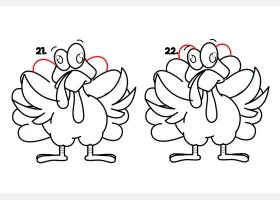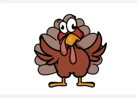 关于动物、火鸡的简笔画,漂亮的卡通火鸡简笔画步骤。
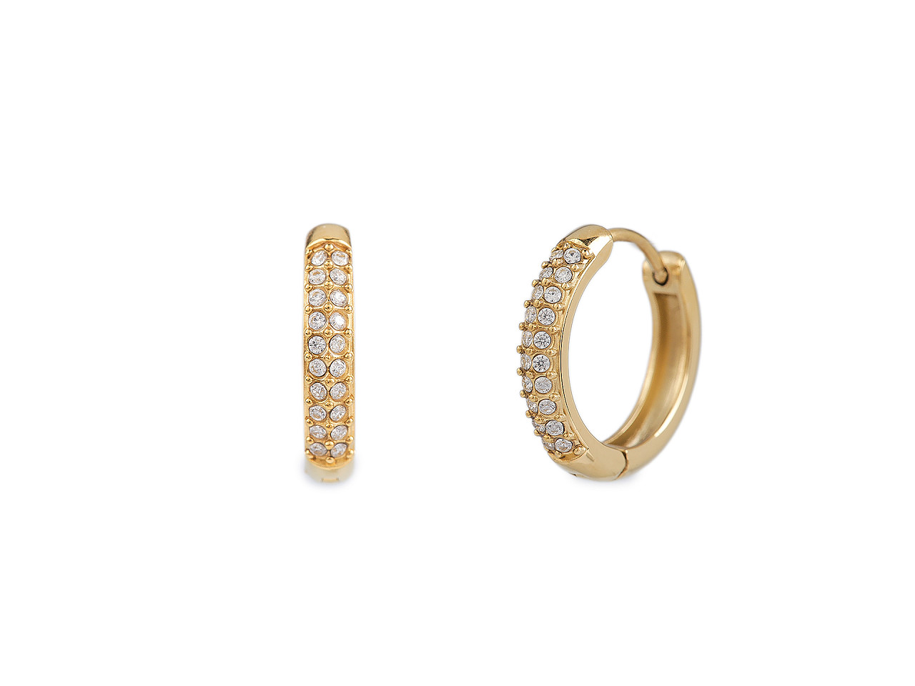 Náušnice z nerezové oceli s broušenými kamínky, střední, 2 zlatá
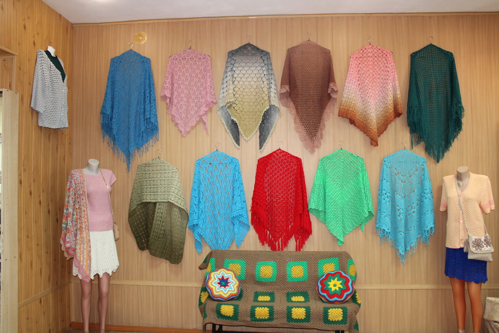 Все, что здесь представлено, сделано руками женщин, занимающихся в клубном объединении Центра народной культуры и ремесла. С их участием и помощью работников Центра, народные промыслы не просто живут, они популярны у наших земляков, развиваются и передаются из поколения в поколение.
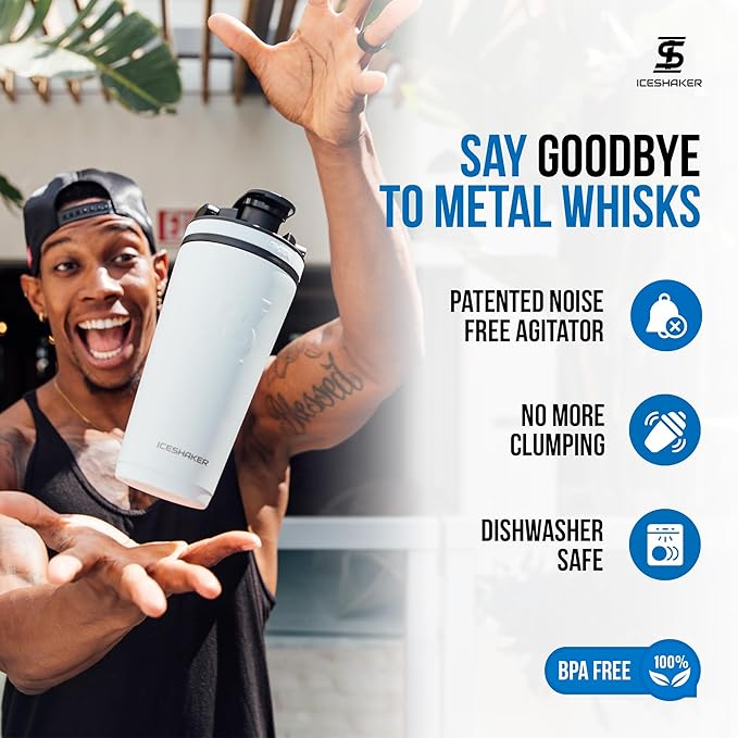 - 30+ HOURS ICE COLD — Double-wall vacuum insulation in this stainless steel protein shaker bottle keeps drinks chilled for over 30 hours, preventing condensation and maintaining temperature
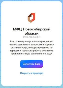 Чат-бот МФЦ Новосибирской области в МАХ05.12.2025
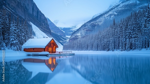 Cozy wooden cabin by a serene lake surrounded by snowy mountains and tall evergreen trees at twilight
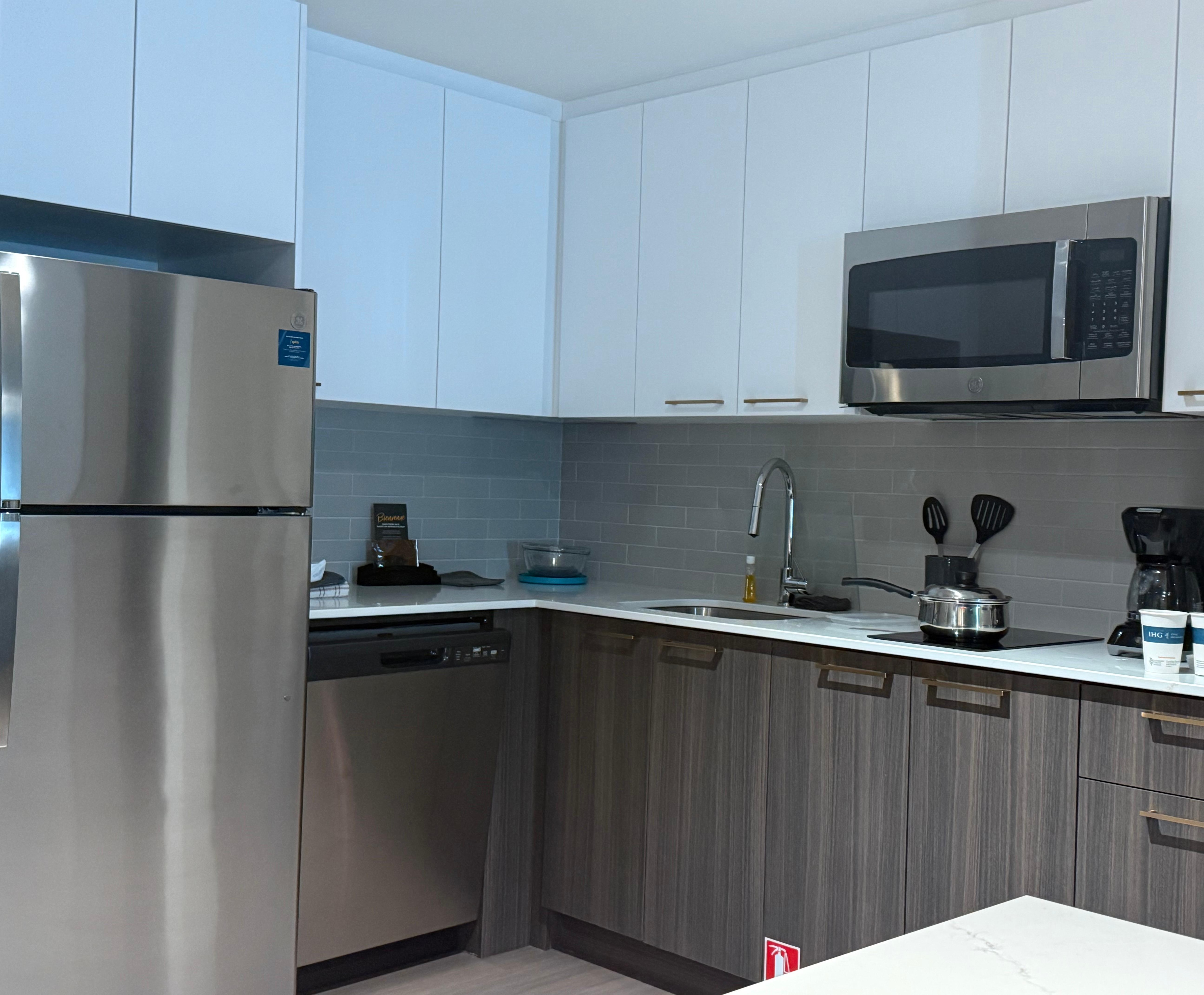 Hotel is Super clean, which made our stay really comfy. We came back from skiing, and our ski clothes got soaked in the rain. Luckily, the hotel offers complimentary laundry so everything was dry and fresh. The kitchen was great for whipping up a quick late night snack. The staff were really friendly, and the breakfast buffet was simple but tasty. Happy hour was a pleasant surprise. Loved our stay!
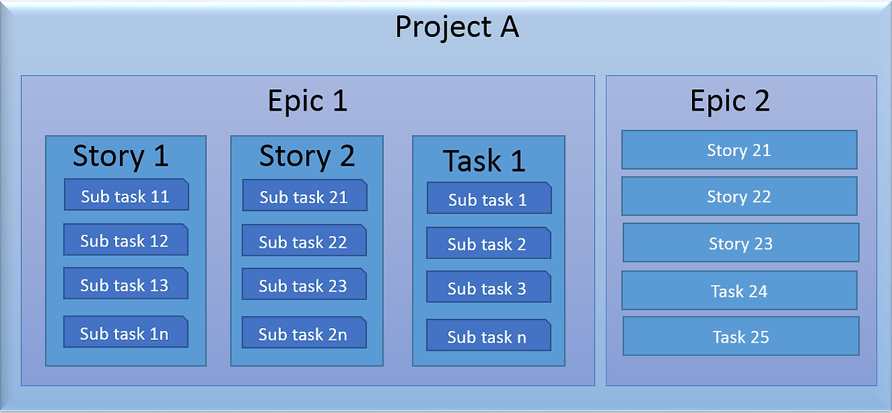 - Epic : 큰 단위의 업무 ( User Story, Task 등을 묶은 단위 )
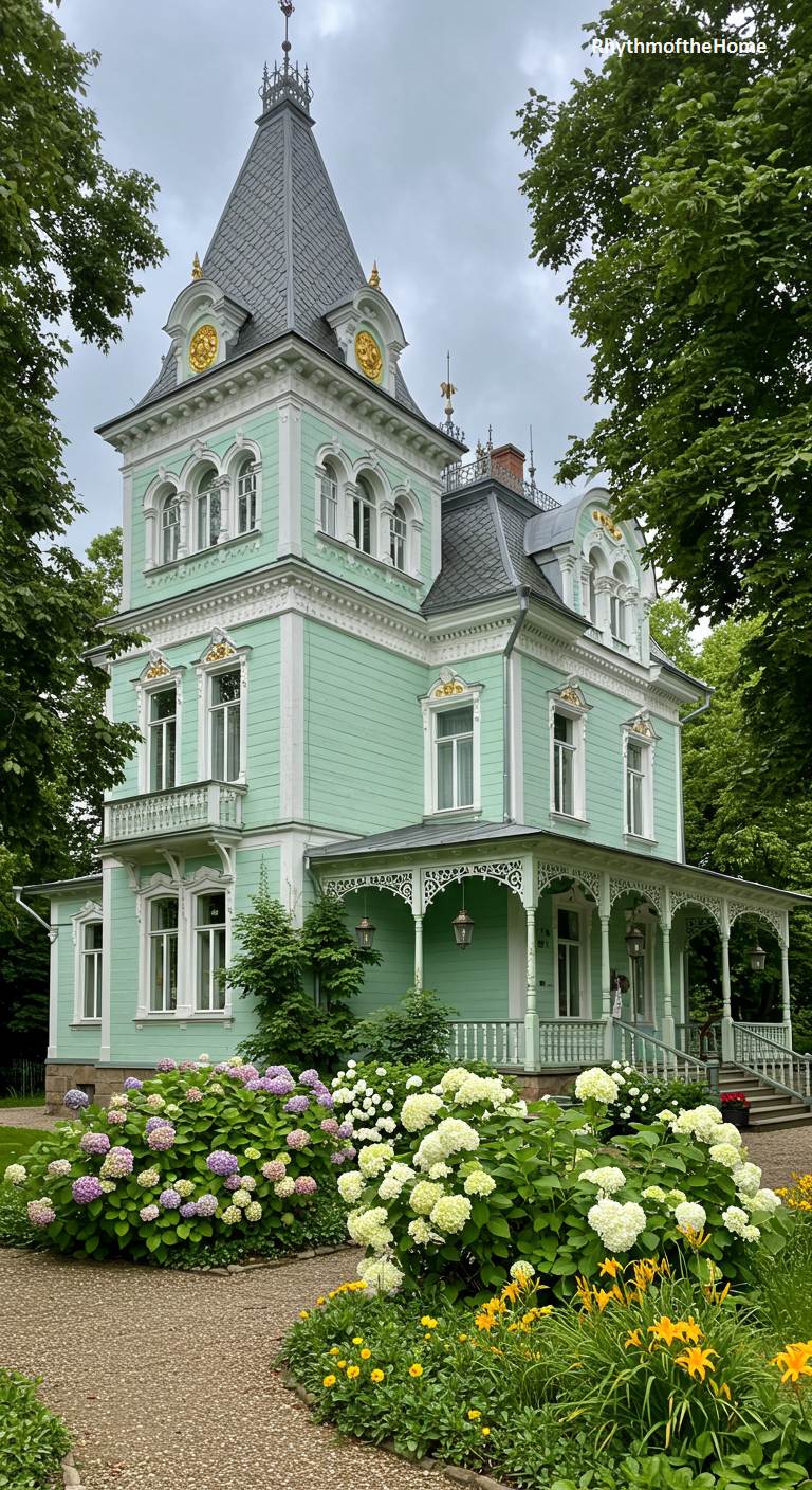 83. Elegant Mint Green Villa Victorian Home
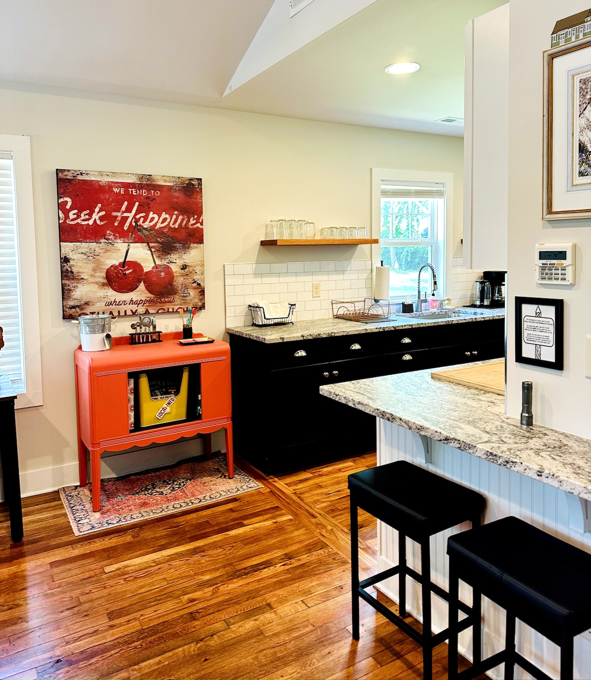 Chalé Craftsman dos anos 1950 completamente renovado, novos móveis contemporâneos, 2 quartos, comodidades modernas, todos os confortos de um lar. Localizado apenas a uma curta caminhada do centro de Hendersonville. Pisos de madeira, móveis novos, camas luxuosas, cozinha atualizada, máquina de lavar/secar, banheiro atualizado, Smart TV e Internet de alta velocidade. Observe que o apartamento "Blue Haven Studio" está anexado à parte de trás desta casa, mas é completamente separado com sua própria entrada/teclado e não há espaços compartilhados.
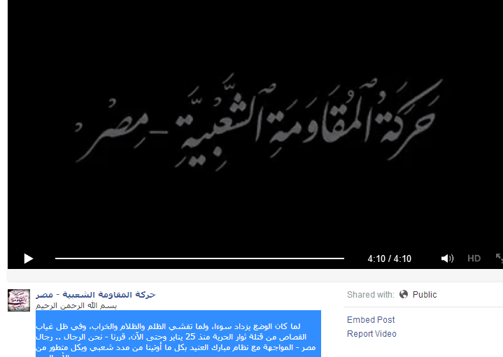 وتابع بيان الحركة الأول، نبأ التئام مجموعات ردع العسكر بمحافظة القاهرة موحدة على طريق الحركة وتحت اسم: (مجموعة الشهيد محمد حلمي – القاهرة)، ومضيفة أنها على وعد "بأن تتوالى عليكم البيانات ببشارات من جميع المحافظات قريبا إن شاء الله، أولها اليوم بعملية نوعية من تنفيذ حركة المفاومة الشعبية – مصر".
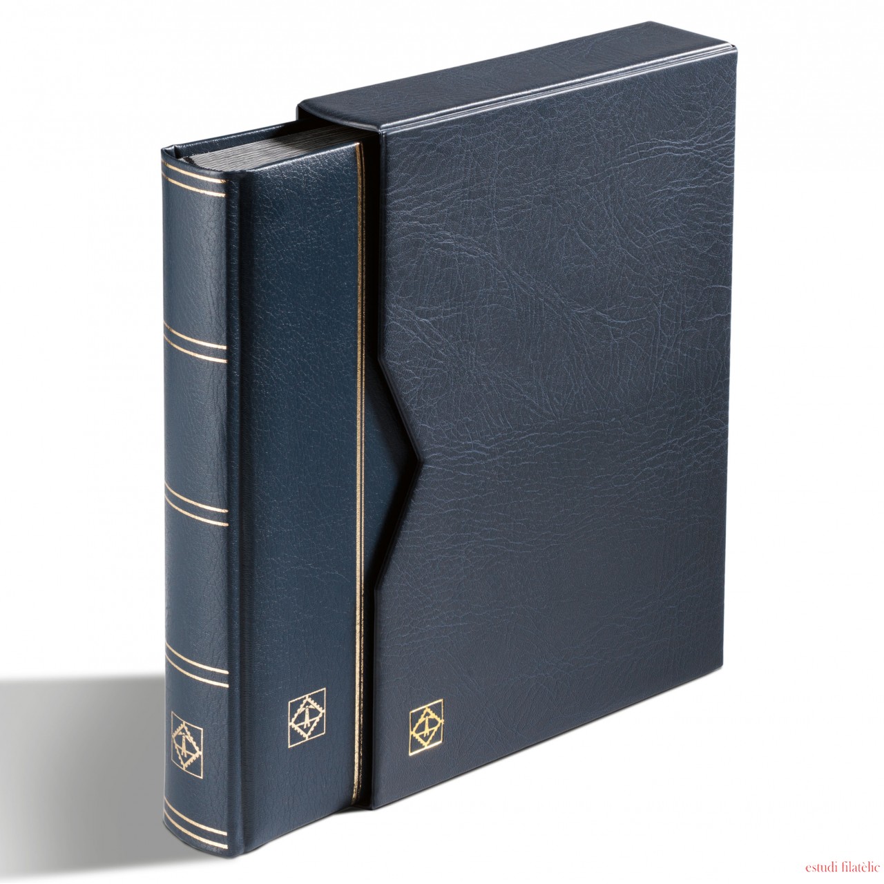 Leuchtturm 371799 Clasificador PREMIUM, DIN A4, 32 páginas negras, tapa de cuero* acolchada + cajetín, azul
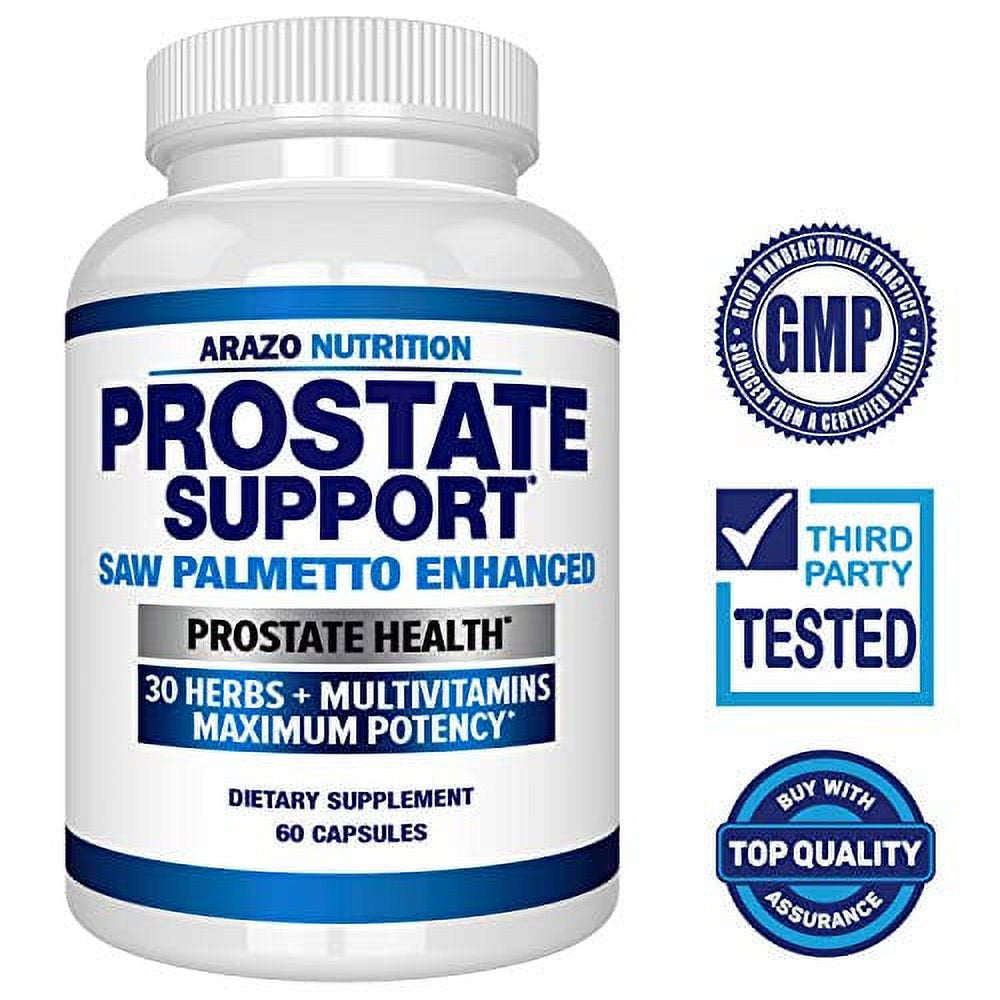 Arazo Nutrition - Prostate Support Supplement Made in USA Stop nightly frustrating bathroom trips; get more sleep & stop waking up every night Increase urine flow rate; effective blend of 30 herbs, vitamins & minerals support urinary function Retain more hair; 30 potent ingredients support aging prostates and reduce hair loss by blocking DHT Reliable; made in a GMP certified facility in America and third party safety tested for purity High standard; trusted for ingredient safety, nutritional value and label accuracy
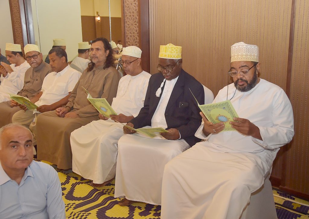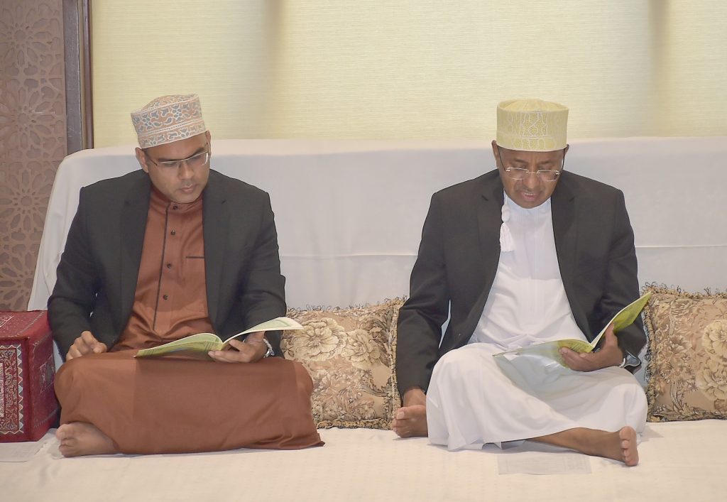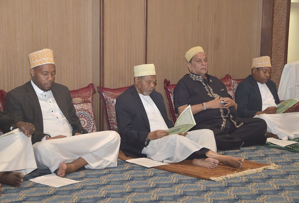 RAIS Mstaafu wa Zanzibar Alhajj Dk.Ali Mohamed Shein akishiriki katika kisomo cha hitma na dua ya kumuombea Marehemu Mohammed Hassanali Raza,kilichofanyika katika ukumbi wa hoteli ya Golden Tulip Uwanja wa Ndege Kiembesamaki Wilaya ya Magharibi “B” Unguja Jijini Zanzibar na (kulia kwake) Spika wa Baraza la Wawakilishi Zanzibar Mhe. Zuberi Ali Maulid (kushoto kwake) Muhusin Hassanali na Makamu wa Kwanza wa Rais wa Zanzibar Alhajj Othman Masoud Othman.(Picha na Ikulu)

* Directions for this task *
Copy every record exactly, dropping the images.

* Answer to this exercise *
 关于动物、火鸡的简笔画,漂亮的卡通火鸡简笔画步骤。
 Náušnice z nerezové oceli s broušenými kamínky, střední, 2 zlatá
 Все, что здесь представлено, сделано руками женщин, занимающихся в клубном объединении Центра народной культуры и ремесла. С их участием и помощью работников Центра, народные промыслы не просто живут, они популярны у наших земляков, развиваются и передаются из поколения в поколение.
 - 30+ HOURS ICE COLD — Double-wall vacuum insulation in this stainless steel protein shaker bottle keeps drinks chilled for over 30 hours, preventing condensation and maintaining temperature
 Чат-бот МФЦ Новосибирской области в МАХ05.12.2025
 Cozy wooden cabin by a serene lake surrounded by snowy mountains and tall evergreen trees at twilight
 Hotel is Super clean, which made our stay really comfy. We came back from skiing, and our ski clothes got soaked in the rain. Luckily, the hotel offers complimentary laundry so everything was dry and fresh. The kitchen was great for whipping up a quick late night snack. The staff were really friendly, and the breakfast buffet was simple but tasty. Happy hour was a pleasant surprise. Loved our stay!
 - Epic : 큰 단위의 업무 ( User Story, Task 등을 묶은 단위 )
 83. Elegant Mint Green Villa Victorian Home
 Chalé Craftsman dos anos 1950 completamente renovado, novos móveis contemporâneos, 2 quartos, comodidades modernas, todos os confortos de um lar. Localizado apenas a uma curta caminhada do centro de Hendersonville. Pisos de madeira, móveis novos, camas luxuosas, cozinha atualizada, máquina de lavar/secar, banheiro atualizado, Smart TV e Internet de alta velocidade. Observe que o apartamento "Blue Haven Studio" está anexado à parte de trás desta casa, mas é completamente separado com sua própria entrada/teclado e não há espaços compartilhados.
 وتابع بيان الحركة الأول، نبأ التئام مجموعات ردع العسكر بمحافظة القاهرة موحدة على طريق الحركة وتحت اسم: (مجموعة الشهيد محمد حلمي – القاهرة)، ومضيفة أنها على وعد "بأن تتوالى عليكم البيانات ببشارات من جميع المحافظات قريبا إن شاء الله، أولها اليوم بعملية نوعية من تنفيذ حركة المفاومة الشعبية – مصر".
 Leuchtturm 371799 Clasificador PREMIUM, DIN A4, 32 páginas negras, tapa de cuero* acolchada + cajetín, azul
 Arazo Nutrition - Prostate Support Supplement Made in USA Stop nightly frustrating bathroom trips; get more sleep & stop waking up every night Increase urine flow rate; effective blend of 30 herbs, vitamins & minerals support urinary function Retain more hair; 30 potent ingredients support aging prostates and reduce hair loss by blocking DHT Reliable; made in a GMP certified facility in America and third party safety tested for purity High standard; trusted for ingredient safety, nutritional value and label accuracy
 RAIS Mstaafu wa Zanzibar Alhajj Dk.Ali Mohamed Shein akishiriki katika kisomo cha hitma na dua ya kumuombea Marehemu Mohammed Hassanali Raza,kilichofanyika katika ukumbi wa hoteli ya Golden Tulip Uwanja wa Ndege Kiembesamaki Wilaya ya Magharibi “B” Unguja Jijini Zanzibar na (kulia kwake) Spika wa Baraza la Wawakilishi Zanzibar Mhe. Zuberi Ali Maulid (kushoto kwake) Muhusin Hassanali na Makamu wa Kwanza wa Rais wa Zanzibar Alhajj Othman Masoud Othman.(Picha na Ikulu)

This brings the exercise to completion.